● **Directions**
Give back exactly the lines from the beginning of the listing below to the line holding "설문조사)는 다음과 같습니다.", both ends included; the pictures stay out.

● **Dataset**
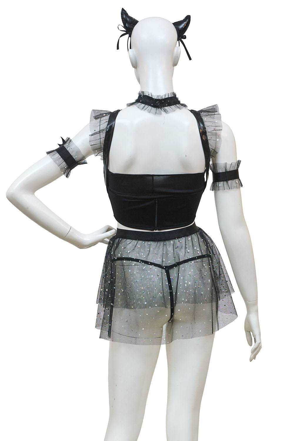 上品に、自由に、私を魅せる「ロイヤルヌーディーシリーズ」ラメ入りチュールが揺れる、華やかで魅惑的な小悪魔オリジナルデザインで大胆なアレンジが楽しめる、プレミアム仕様のシリーズ「ロイヤルヌーディー」。 エナメル素材のデビルカチューシャにリボンをあしらったキュートなサキュバスコスチューム。 フリルやカバースカートには、大粒ラメ入りチュールを使用し、華やかさをプラス。 バストを囲むゴムストラップが、視線を惹きつけるセクシーなデザイン。 ウエストの編み上げ部分は、肌がほんのり透けて見える仕様で、抜け感を演出。 ブラトップは、ニップレスがほんのり透ける伸縮素材で、センシュアルな雰囲気に。 スカートのウエストはゴム仕様。 お好みのブラトップやミニパニエと組み合わせれば、さらに自由なスタイリングが楽しめ、露出の調整も可能なデザインです。 アレンジ次第で様々なスタイルに変化します。 |
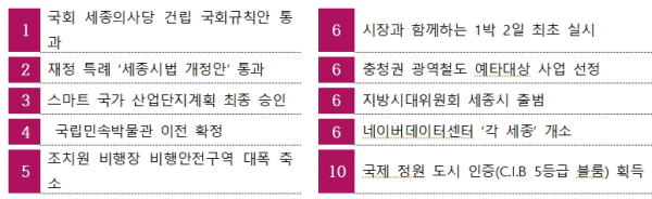 ‘2023년도 세종시 10대 뉴스’(시청 출입 언론인 대상 설문조사)는 다음과 같습니다.
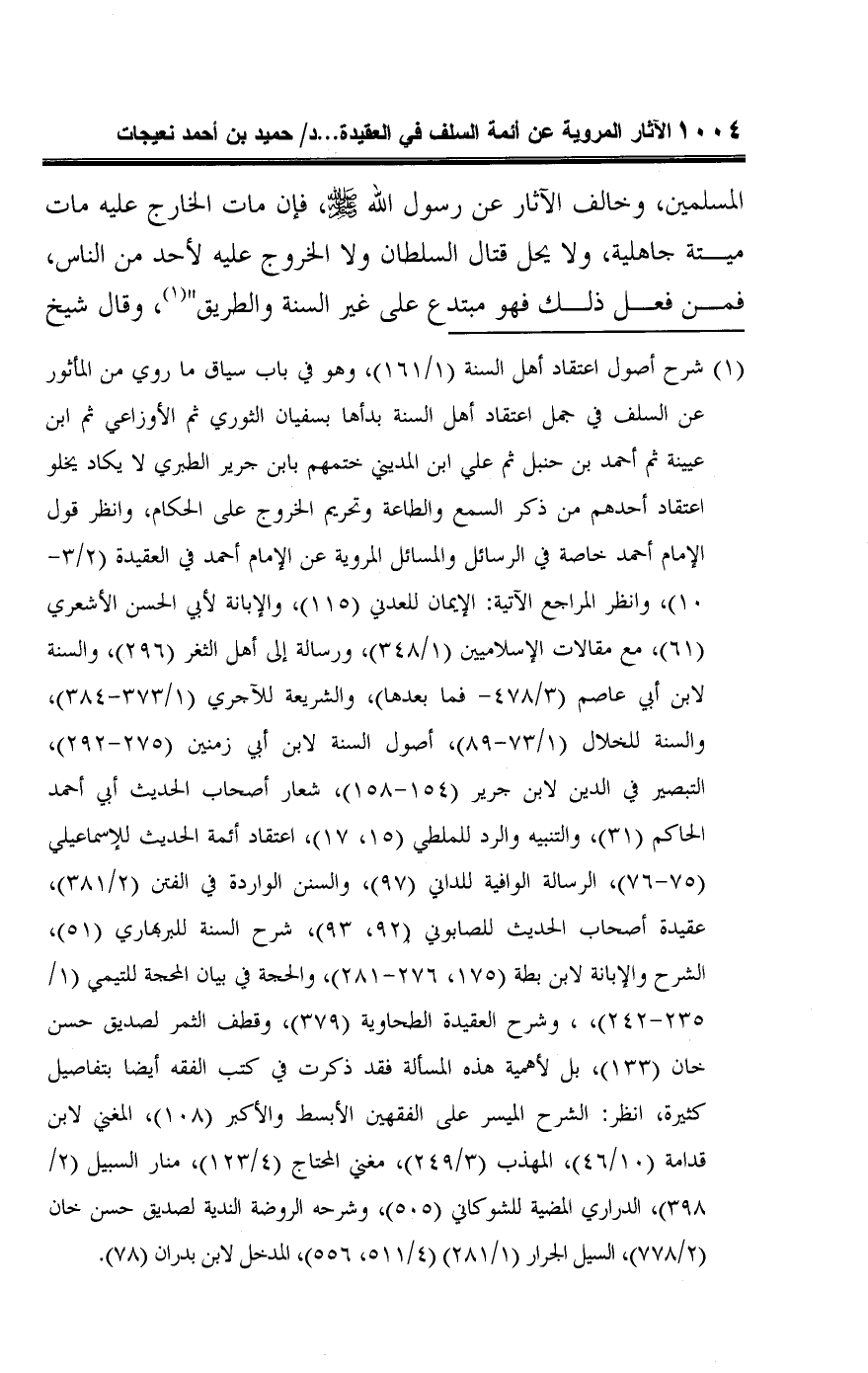 (¬١) شرح أصول اعتقاد أهل السنة (١/ ١٦١)، وهو في باب سياق ما روي من المأثور عن السلف في جمل اعتقاد أهل السنة بدأها بسفيان الثوري ثم الأوزاعي ثم ابن عيينة ثم أحمد بن حنبل ثم علي ابن المديني ختمهم بابن جرير الطبري لا يكاد يخلو اعتقاد أحدهم من ذكر السمع والطاعة وتحريم الخروج على الحكام، وانظر قول الإمام أحمد خاصة في الرسائل والمسائل المروية عن الإمام أحمد في العقيدة (٢/ ٣ - ١٠)، وانظر المراجع الآتية: الإيمان للعدني (١١٥)، والإبانة لأبي الحسن الأشعري (٦١)، مع مقالات الإسلاميين (١/ ٣٤٨)، ورسالة إلى أهل الثغر (٢٩٦)، والسنة لابن أبي عاصم (٣/ ٤٧٨ - فما بعدها)، والشريعة للآجري (١/ ٣٧٣ - ٣٨٤)، والسنة للخلال (١/ ٧٣ - ٨٩)، أصول السنة لابن أبي زمنين (٢٧٥ - ٢٩٢)، التبصير في الدين لابن جرير (١٥٤ - ١٥٨)، شعار أصحاب الحديث أبي أحمد الحاكم (٣١)، والتنبيه والرد للملطي (١٥، ١٧)، اعتقاد أئمة الحديث للإسماعيلي (٧٥ - ٧٦)، الرسالة الوافية للداني (٩٧)، والسنن الواردة في الفتن (٢/ ٣٨١)، عقيدة أصحاب الحديث للصابوني (٩٢، ٩٣)، شرح السنة للبربهاري (٥١)، الشرح والإبانة لابن بطة (١٧٥، ٢٧٦ - ٢٨١)، والحجة في بيان المحجة للتيمي (١/ ٢٣٥ - ٢٤٢)، ، وشرح العقيدة الطحاوية (٣٧٩)، وقطف الثمر لصديق حسن خان (١٣٣)، بل لأهمية هذه المسألة فقد ذكرت في كتب الفقه أيضًا بتفاصيل كثيرة، انظر: الشرح الميسر على الفقهين الأبسط والأكبر (١٠٨)، المغني لابن قدامة (١٠/ ٤٦)، المهذب (٣/ ٢٤٩)، مغني المحتاج (٤/ ١٢٣)، منار السبيل (٢/ ٣٩٨)، الدراري المضية للشوكاني (٥٠٥)، وشرحه الروضة الندية لصديق حسن خان (٢/ ٧٧٨)، السيل الجرار (١/ ٢٨١) (٤/ ٥١١، ٥٥٦)، المدخل لابن بدران (٧٨).
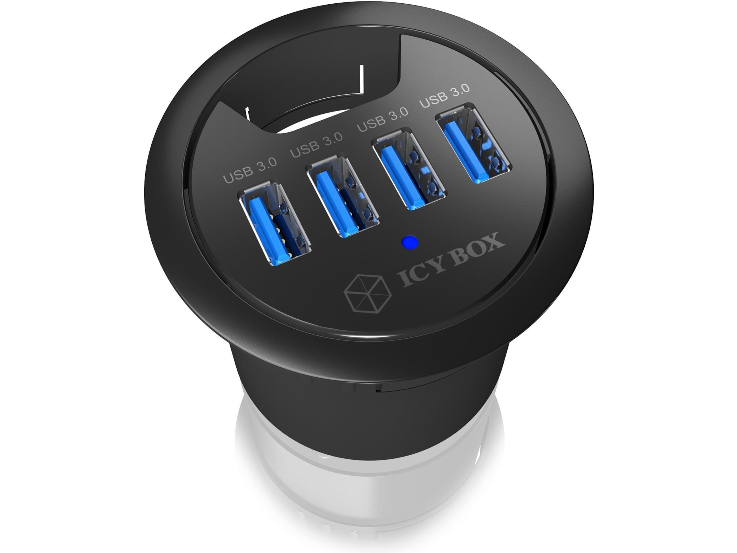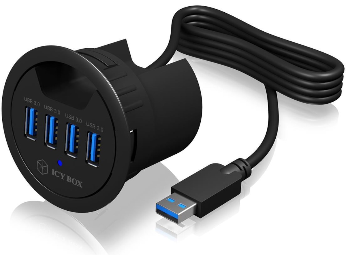 ICY BOX IB-HUB1403 USB 3.0 hub med 4 porte indbygget i skrivebordet
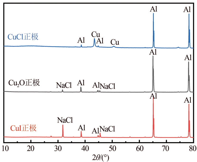 结合学术界的成果,分析CuCl、Cu2 O、CuI这3种材料具备较好的综合物理化学性质.因此,本文中以Al为负极,CuCl、Cu2 O、CuI为正极,模拟海水为电解液,对比3种材料的性能差异,研究铝-海水激活电池的性能.
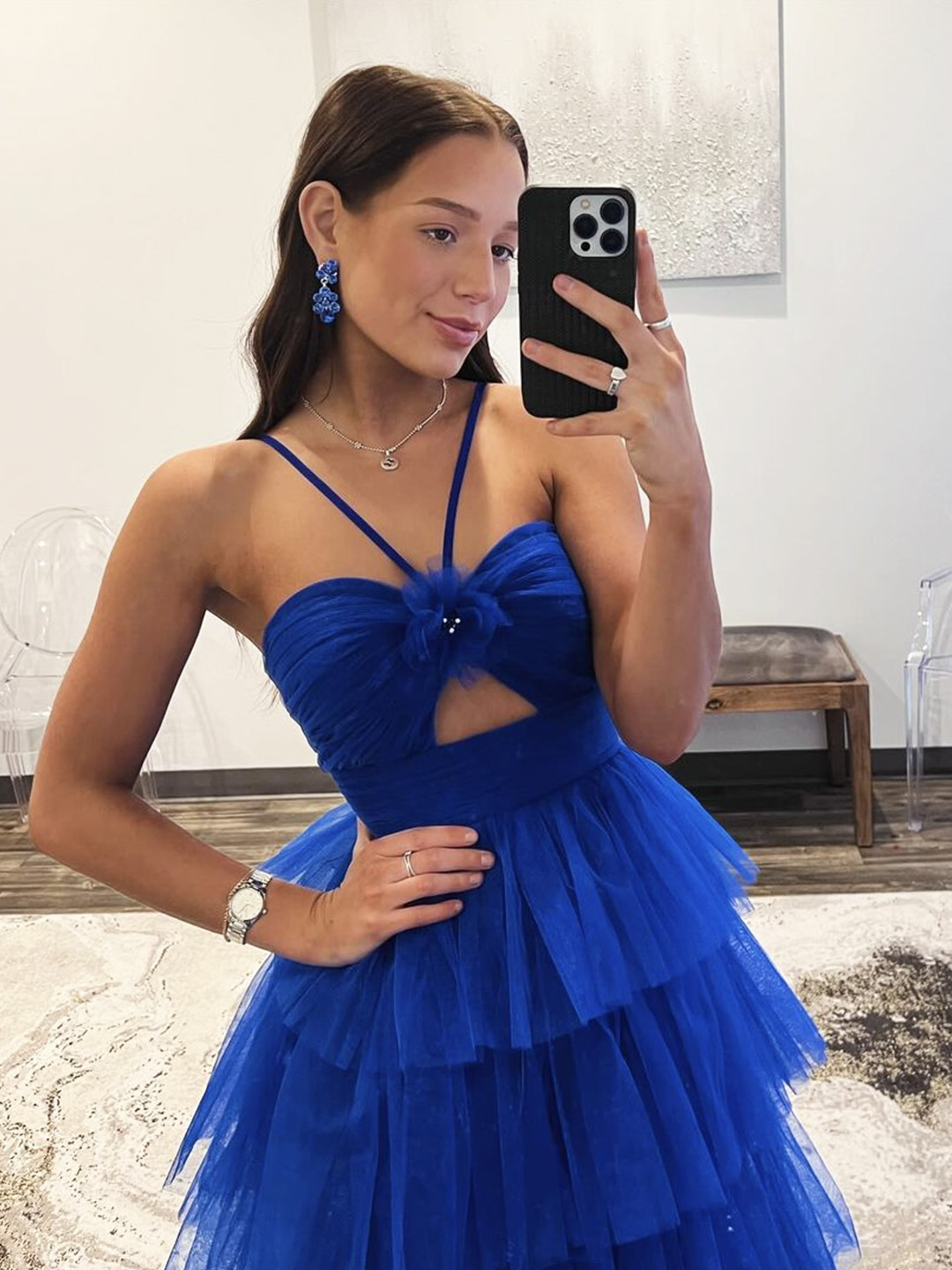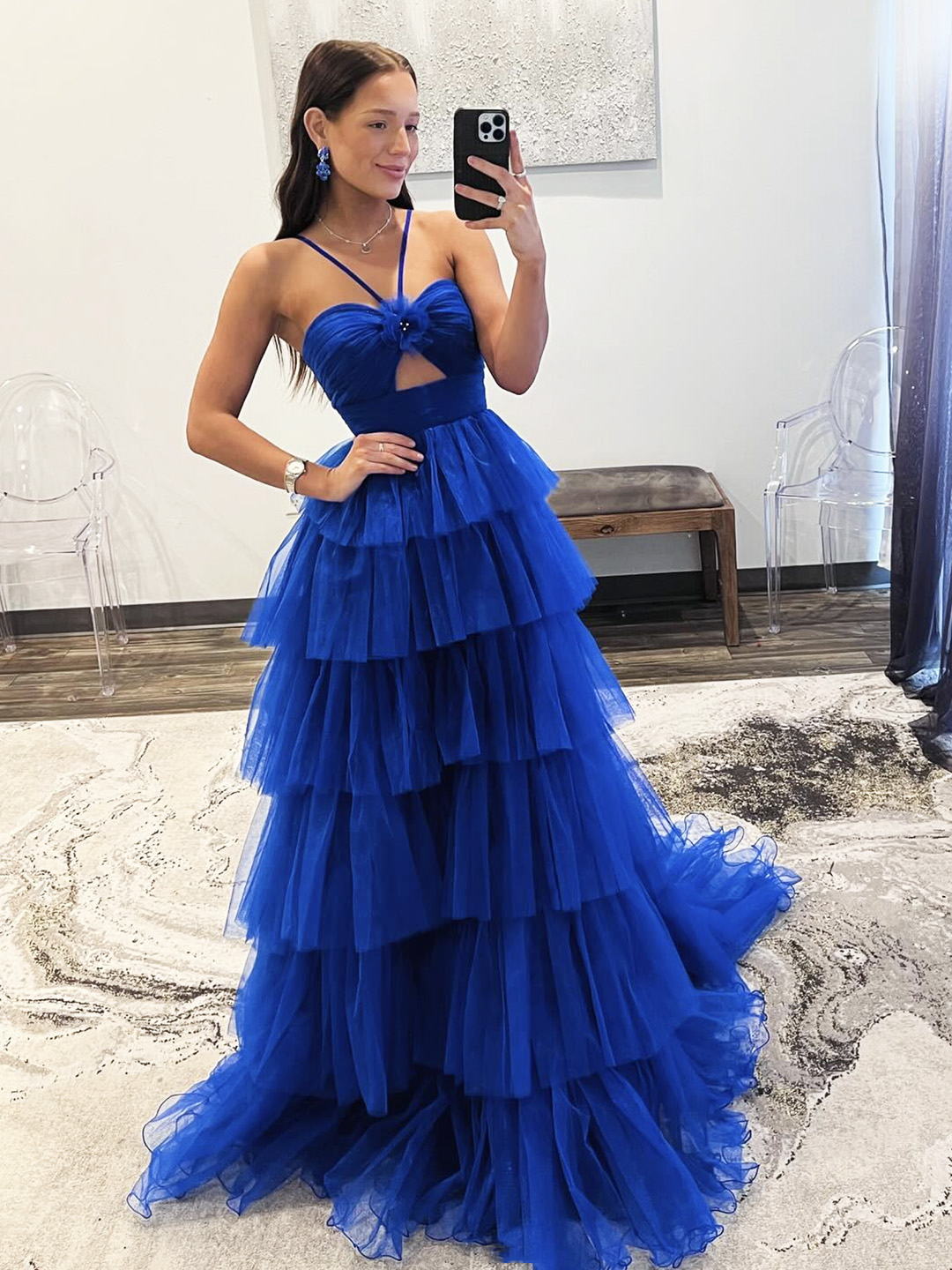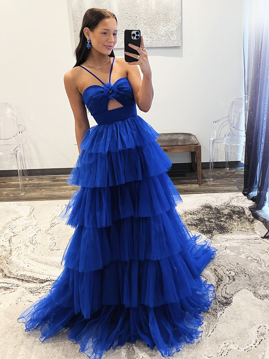 - Blue Tulle Layers Long Prom Dress, Beautiful A-Line Backless Evening Party Dress -

● **Written answer**
 上品に、自由に、私を魅せる「ロイヤルヌーディーシリーズ」ラメ入りチュールが揺れる、華やかで魅惑的な小悪魔オリジナルデザインで大胆なアレンジが楽しめる、プレミアム仕様のシリーズ「ロイヤルヌーディー」。 エナメル素材のデビルカチューシャにリボンをあしらったキュートなサキュバスコスチューム。 フリルやカバースカートには、大粒ラメ入りチュールを使用し、華やかさをプラス。 バストを囲むゴムストラップが、視線を惹きつけるセクシーなデザイン。 ウエストの編み上げ部分は、肌がほんのり透けて見える仕様で、抜け感を演出。 ブラトップは、ニップレスがほんのり透ける伸縮素材で、センシュアルな雰囲気に。 スカートのウエストはゴム仕様。 お好みのブラトップやミニパニエと組み合わせれば、さらに自由なスタイリングが楽しめ、露出の調整も可能なデザインです。 アレンジ次第で様々なスタイルに変化します。 |
 ‘2023년도 세종시 10대 뉴스’(시청 출입 언론인 대상 설문조사)는 다음과 같습니다.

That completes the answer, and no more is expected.